A2, 2009 IBC, IPC, etc & ANSI A117.1 2003

2 restrooms, 1 male, 1 female

1 wc in the female

1 wc in the male.  Then they added a urinal to the male's restroom.

Each door is lockable for the restrooms.

No partition in the men's room

Does the fact that the door locks make this a single compartment restroom even though it has a wc and urinal?

Is there an issue because they have less facilities for the women than the men?


----------



## mark handler (Sep 6, 2011)

Does the fact that the door locks make this a single compartment restroom even though it has a wc and urinal?

Yes

Is there an issue because they have less facilities for the women than the men?
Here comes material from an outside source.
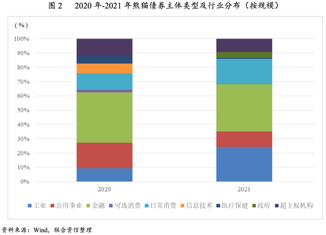 熊貓債券發(fā)行主體主要集中在金融、工業(yè)和日常消費行業(yè),發(fā)行主體類型較上年更加豐富

Under the codes specified, No, other codes (some States, UPC) require parity.


----------



## Frank (Sep 6, 2011)

See 310.9 exception 1, 2009 IPC no partitions required in a single occupant toilet room with lockable door.

As long as there are the code minimums for each sex there is no requirement for equal numbers, in many cases women require more fixtures.


----------



## mark handler (Sep 6, 2011)

Frank said:
			
		

> See 310.9 exception 1, 2009 IPC no partitions required in a single occupant toilet room with lockable door.As long as there are the code minimums for each sex there is no requirement for equal numbers, in many cases women require more fixtures.


You are correct.


----------



## jar546 (Sep 6, 2011)

I agree and recently backed down on a decision I made after reading it again.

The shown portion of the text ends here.